Ничему этому он, по существу, не учился. Конечно, еще мальчиком Кронго узнал основы, прописные истины, азы того, как должен вести себя наездник на дистанции. Знал, что есть лошади с хорошим финишем, концевые, или, наоборот, ровно идущие всю дистанцию, те, кого наездники называют «машинами». Знал, что позиция у бровки сокращает дистанцию, но чревата потерями при отвороте и обгоне, зато ход с поля дает простор для разъездки. Знал он также множество других прописных истин – но ведь все это знали и другие наездники, не только он… Он понял это. Наездники на ипподроме совершенствовали свое знание дистанции бесконечно. Но – ошибались. И он, сам допустив несколько ошибок, потом при оценке дистанции выработал для себя железный принцип – никогда не полагаться на общепринятые правила. Ведь он видел, что правила дистанции знает и отец, – но все-таки сколько раз, и именно в силу верного следования правилам, ошибался и он, его отец, великий Принц… Знание, истинное, скрытое от всех знание дистанции пришло к Кронго тогда, когда он понял, ощутил всем существом, что нет правил. Нет, их нет – вот в чем был секрет. Или – они есть, но они, эти правила, состоят из бесчисленного множества каждый раз меняющихся обстоятельств. Обстоятельств, на которые нельзя полагаться. Чувство дистанции зависит от великого множества соотношений сил, характеров, манеры бега, порядка и класса, от качеств десятка, если не больше, лошадей, которые участвуют в каждом новом заезде. Оно, это чувство, зависит также от соотношения целей наездников, от состояния дорожки, погоды, даже – от того, как настроены в этот день зрители. Кронго много раз наблюдал, как, складываясь в неожиданные сочетания, обстоятельства заезда заставляют ошибаться самых опытных наездников, даже – корифеев, седоков вроде знаменитых Томсона и Княжинского.
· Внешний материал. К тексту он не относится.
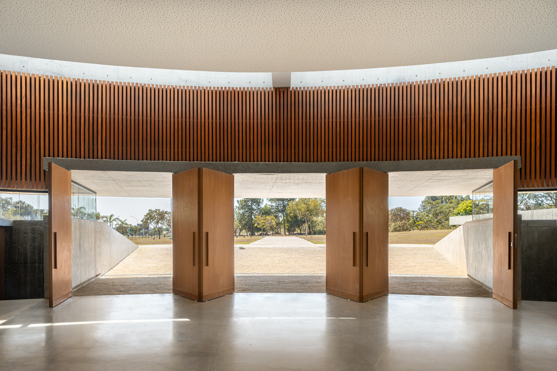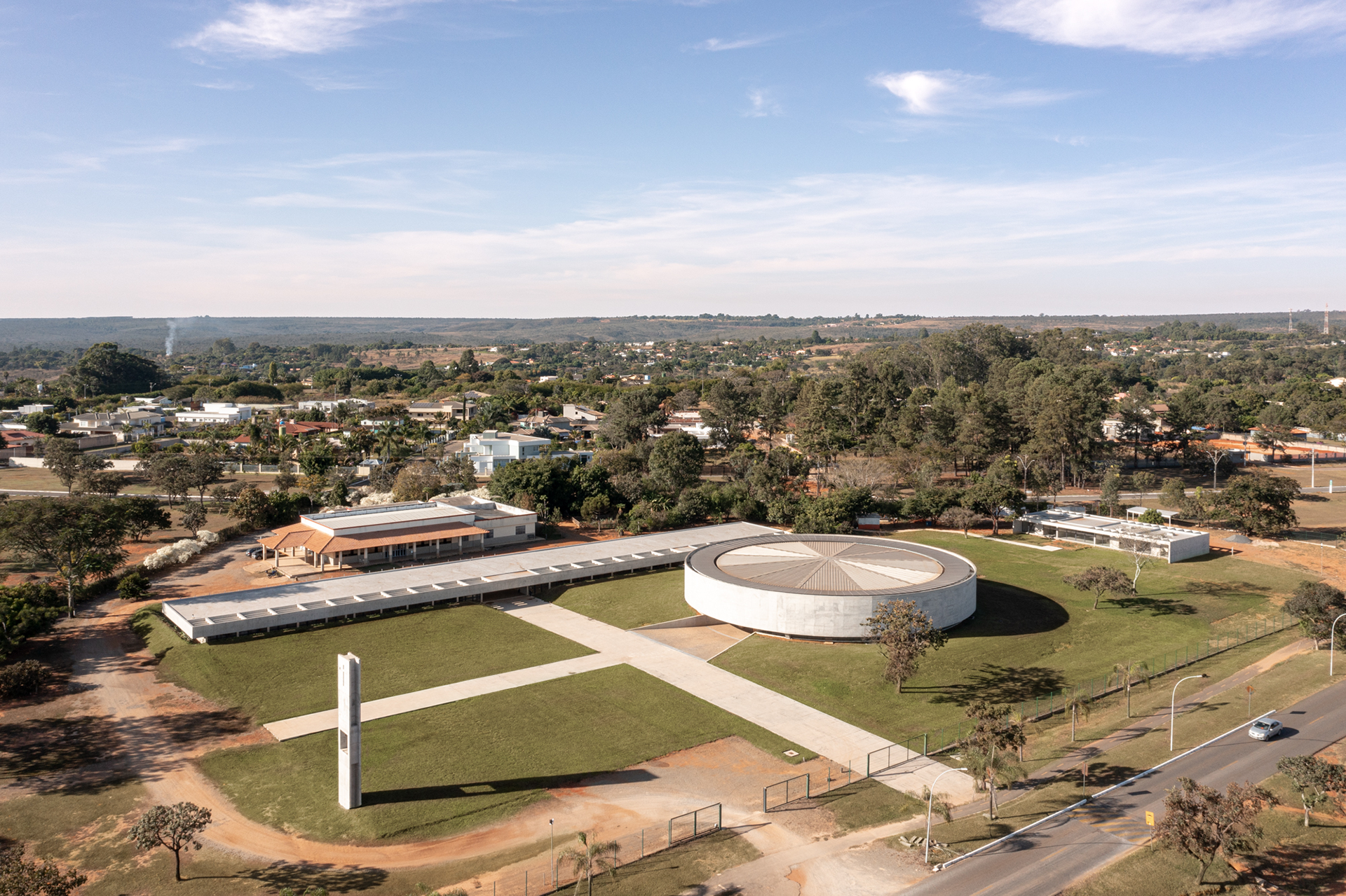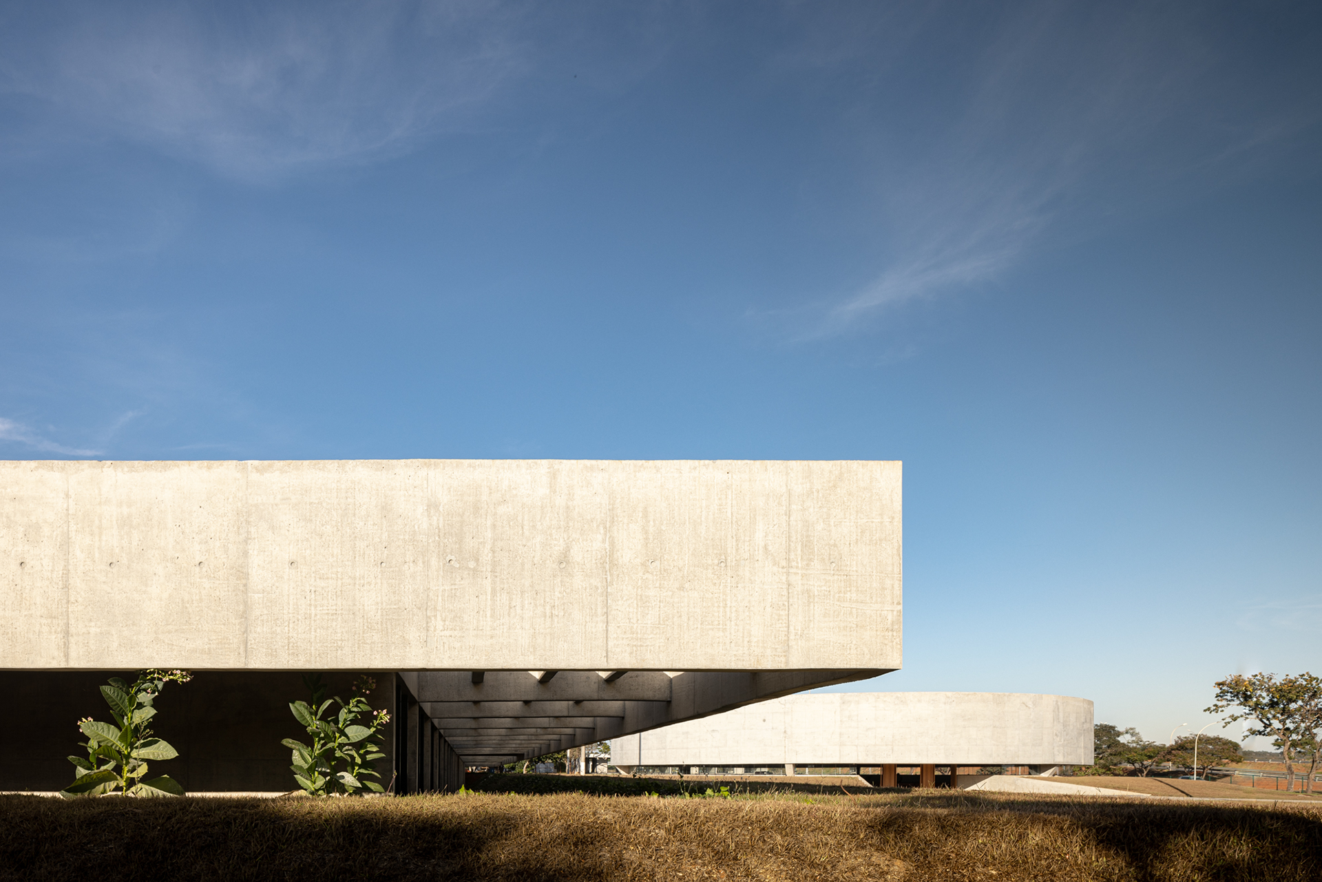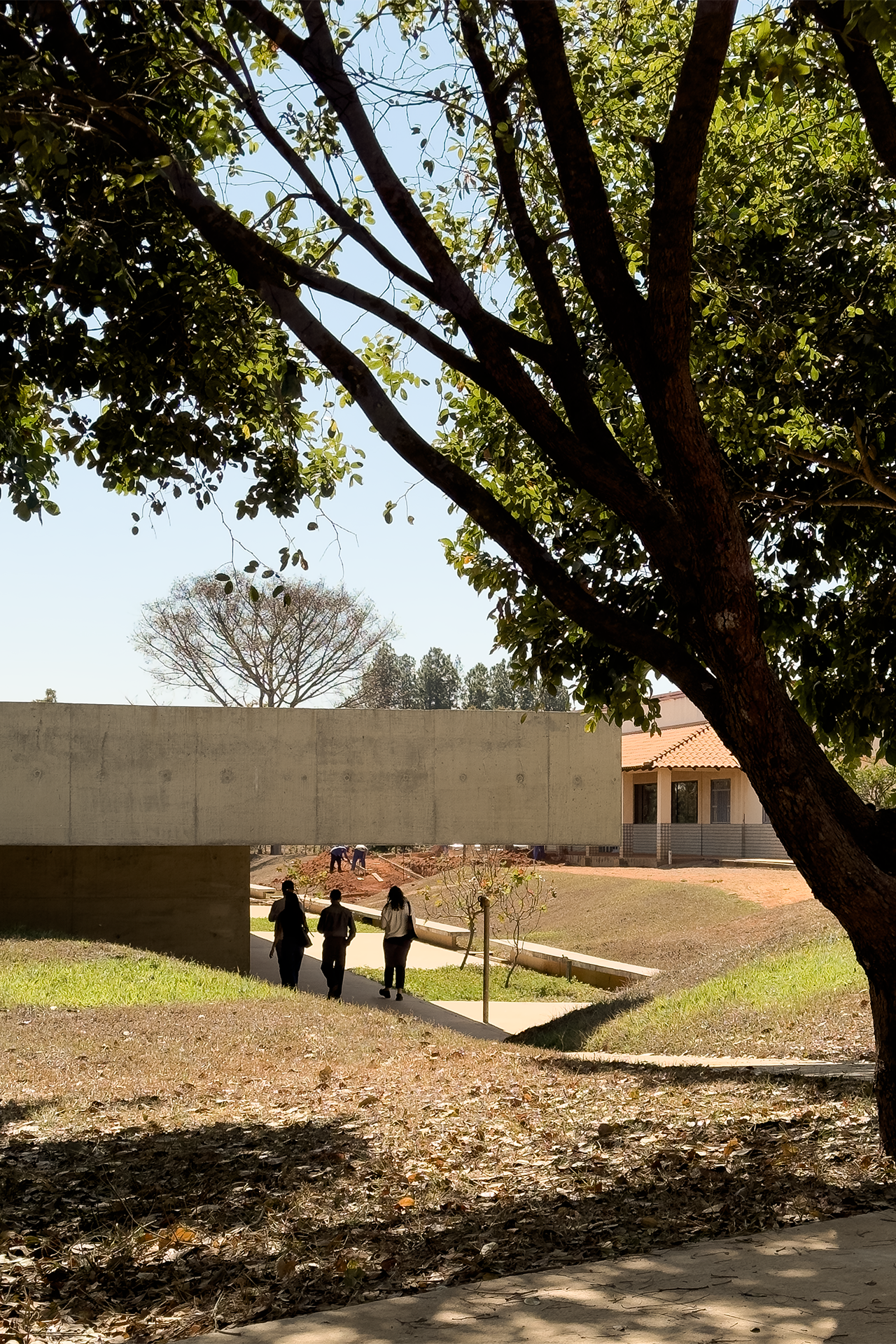 A luz natural penetra pelo anel circular da cobertura, transformando a espacialidade interna da nave, disposta meio nível abaixo da cota natural do terreno, o que permite o transbordamento da paisagem através de uma pequena abertura rente a rés-do-chão à medida que preserva a intimidade do espaço interno. Tal visada só é possível pela elevação do volume circular de concreto aparente suspenso por seis pilares integrantes da estrutura de fundação encaixada na topografia. Ao revelar a presença do horizonte, a arquitetura torna-se elemento constitutivo da paisagem, uma abertura para a dimensão poética do mundo, entrelaçando a realidade material ao olhar de seu espectador.

Дистанция вырывалась, ускользала, уплывала от них. Точка ускорения вдруг оказывалась не там, бровку занимал кто-то другой, всегда послушная лошадь вдруг словно прилипала к затылку едущего впереди наездника и не хотела отворачивать, заведомые финишеры с самого начала вырывались вперед на три столба… Все было не так, все становилось с ног на голову. Поняв это, Кронго на дистанции полагался только на свое чутье. На то шестое чувство, которое ощутил, которое проверил и которое его не подводило. Он скрывал это чувство от всех, он берег его, боялся потерять. Кронго понимал – в этом чувстве была кажущаяся легкость. Да, он знал: это ощущение, живущее в нем всегда, ощущение абсолютной ясности при прохождении кругового отрезка, это возникавшее каждый раз понимание, как нужно вести заезд, не вечно. Его можно потерять, хотя оно и дано ему, преподнесено судьбой. Хотя оно легко, свободно, хотя оно присуще ему, как дыхание. Но его можно потерять, оно может превратиться в пустоту, фальшь. Испытав эту кажущуюся легкость, Кронго познал, как хрупко это бесценное свойство. Он понял, как много оно значит для него, и потом уже боялся упустить – до возникавшего в нем беспричинного страха, до неожиданно потевших ладоней, до суеверия. Нельзя было играть на себя; нельзя было говорить об этом чувстве; нельзя было им злоупотреблять.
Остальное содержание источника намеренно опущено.